The basic idea is to start from the given begin word and explore all possible transformations by replacing one character at a time with a-z.
We use a queue to perform the BFS. Each level of the BFS represents a transformation of the current word.
We also use a visited set to keep track of the visited words to avoid cycles in the graph.
At each level, we check all possible transformations of the current word and add them to the queue if they are in the word list and not yet visited.
We continue the BFS until we find the end word or there are no more words to explore.

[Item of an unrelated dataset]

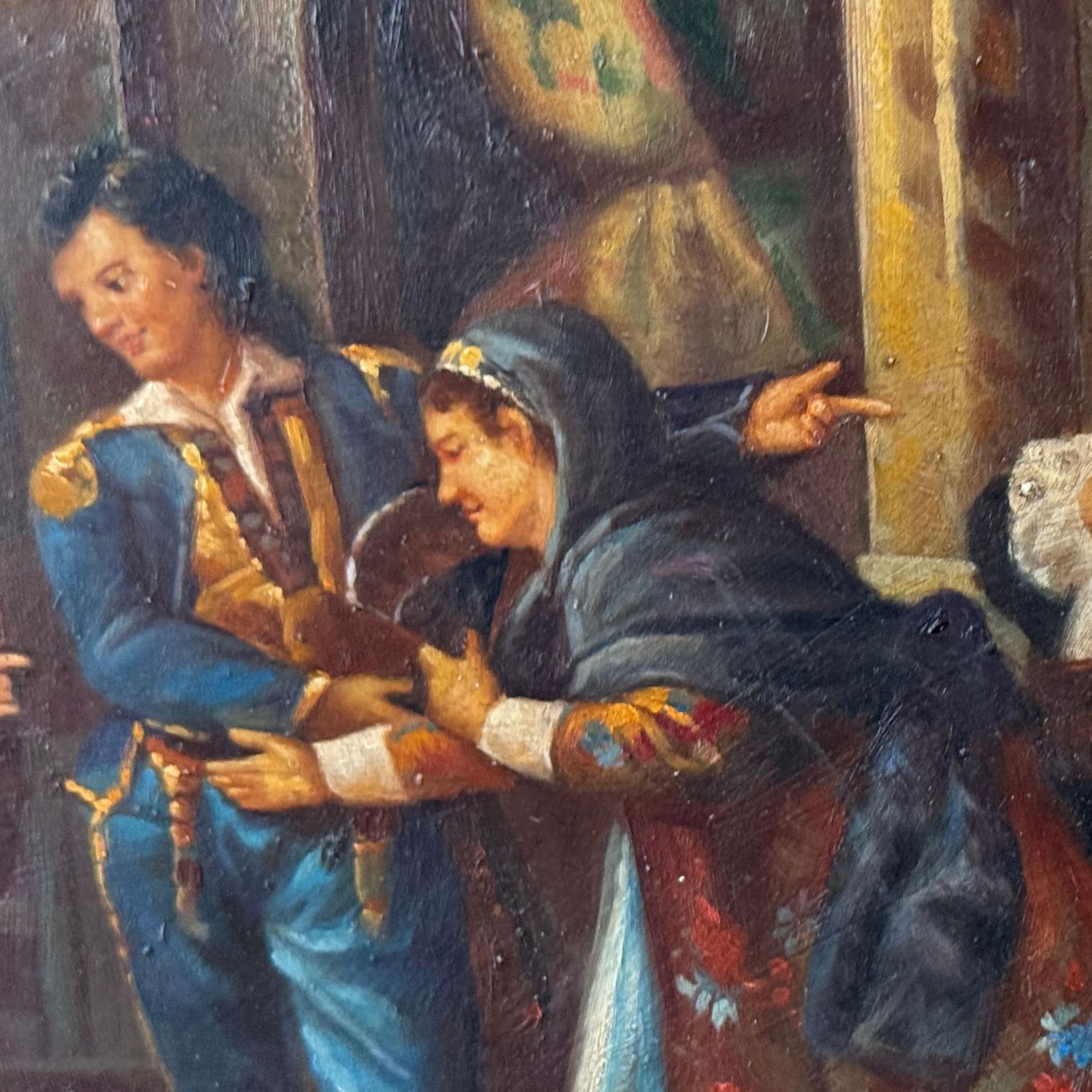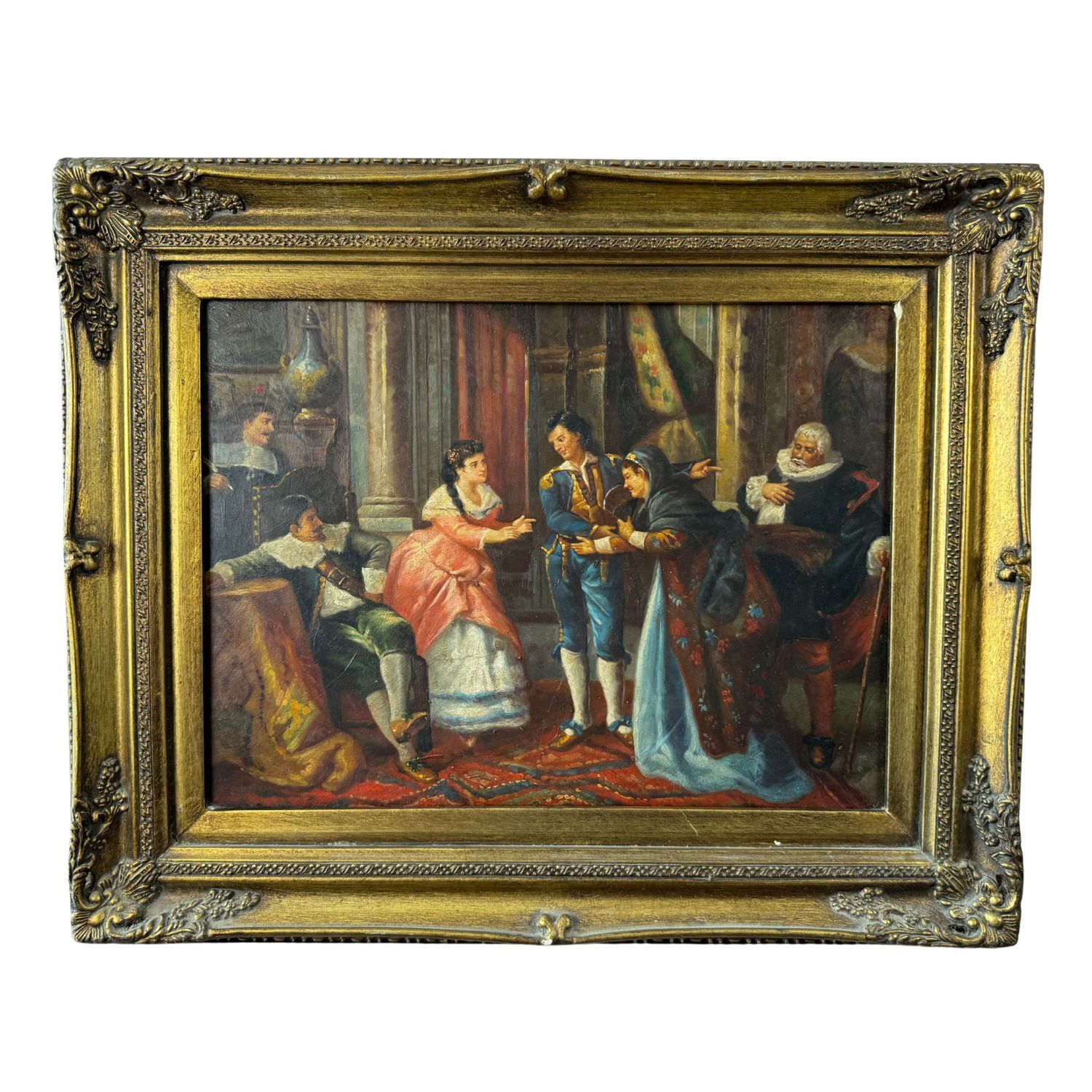 Dipinto olio su tavola, periodo XX secolo scuola Italiana, raffigurante Scena di corte con personaggi. Dimensioni interno cornice: 40x30 cm. Dimensioni compreso cornice: 54x44 cm. Da artista anonimo. Opera in buone condizioni.

If we find the end word, we return the level of the BFS as the shortest transformation path.
If we reach the end of the BFS without finding the end word, there is no path from the begin word to the end word.
During an interview, it's important to first understand the problem statement and clarify any ambiguities.

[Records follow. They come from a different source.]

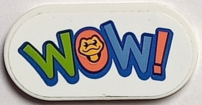 Tile, Round 2 x 4 Oval with Lime, Dark Azure, Coral and Blue 'WOW!' and Bright Light Orange Gecko Head (Popcorn) Pattern (Sticker) - Set 41739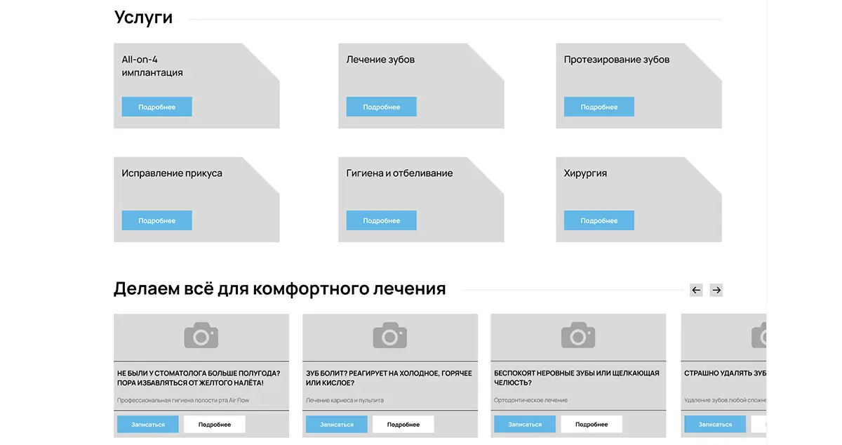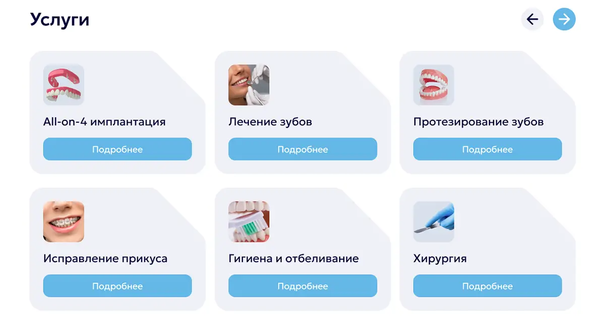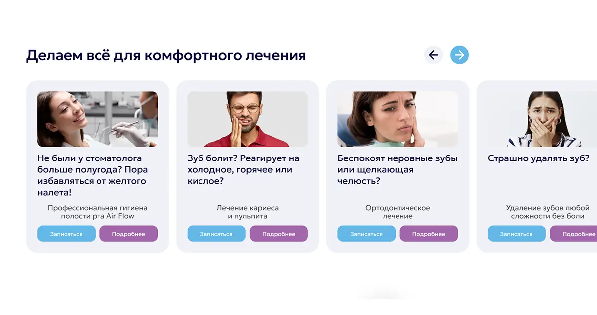 Стоматологическая клиника обратилась с задачей обновить устаревший сайт, который не отвечал потребностям целевой аудитории, не вызывал доверия и не был адаптирован под мобильные устройства. Новый сайт должен был стать полноценным маркетинговым инструментом — удобным, современным и способствующим записи на прием.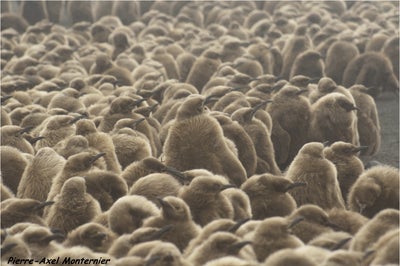 King penguin chicks huddle for warmth. Photo: Pierre-Axel Monternier |
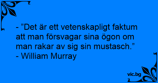 - ”Det är ett vetenskapligt faktum att man försvagar sina ögon om man rakar av sig sin mustasch.”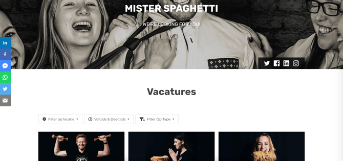 Een goed voorbeeld hiervan is Mister Spaghetti. Na het klikken op ‘Jobs’ op hun site verschijnt een knop waarmee je alle vacatures kunt bekijken. Deze leidt naar de Jobtoolz-site met het vacatureoverzicht.

Discuss the possible approaches and their time complexities.
If a BFS solution is chosen, explain the algorithm and its steps in detail, including the data structures used.
Walk through an example to make sure the logic is clear.

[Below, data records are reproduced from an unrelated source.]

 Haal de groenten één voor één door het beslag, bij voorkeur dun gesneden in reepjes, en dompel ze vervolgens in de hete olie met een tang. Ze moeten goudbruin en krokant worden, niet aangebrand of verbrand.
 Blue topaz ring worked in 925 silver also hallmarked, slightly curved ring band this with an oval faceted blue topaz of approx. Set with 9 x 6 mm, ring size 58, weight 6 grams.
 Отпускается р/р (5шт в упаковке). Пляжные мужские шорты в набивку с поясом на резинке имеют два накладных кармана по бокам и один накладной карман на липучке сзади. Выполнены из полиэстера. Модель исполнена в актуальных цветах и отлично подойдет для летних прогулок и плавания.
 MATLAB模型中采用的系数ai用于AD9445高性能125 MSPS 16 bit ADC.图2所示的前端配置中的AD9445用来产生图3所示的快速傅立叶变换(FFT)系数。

Implement the code with proper variable names and comments to demonstrate your coding skills and understanding of the problem.
Test the code with different test cases to validate its correctness and efficiency.
15. Word Ladder II
Problem Description:
The problem "Word Ladder II" on LeetCode is a popular problem that tests your understanding of graph traversal and path finding algorithms. Given two words, beginWord and endWord, and a word list, find all shortest transformation sequences from beginWord to endWord, such that:
Each transformation sequence must begin with beginWord and end with endWord.
Each transformation must differ by only one letter.
Each transformation must use only words from the word list.
You can assume that:
The word list contains only lowercase alphabets.
The length of beginWord and endWord is the same.
beginWord and endWord are not the same.
Here is the link to the problem on LeetCode: https://leetcode.com/problems/word-ladder-ii/
Optimized Java Code with Detailed Comments:
Algorithm and Approach:
To solve this problem efficiently, we can use a breadth-first search (BFS) approach. The idea is to treat the word ladder as a graph, where each word is a node and there is an edge between two words if they differ by only one letter. The goal is to find the shortest path from the beginWord to the endWord in this graph.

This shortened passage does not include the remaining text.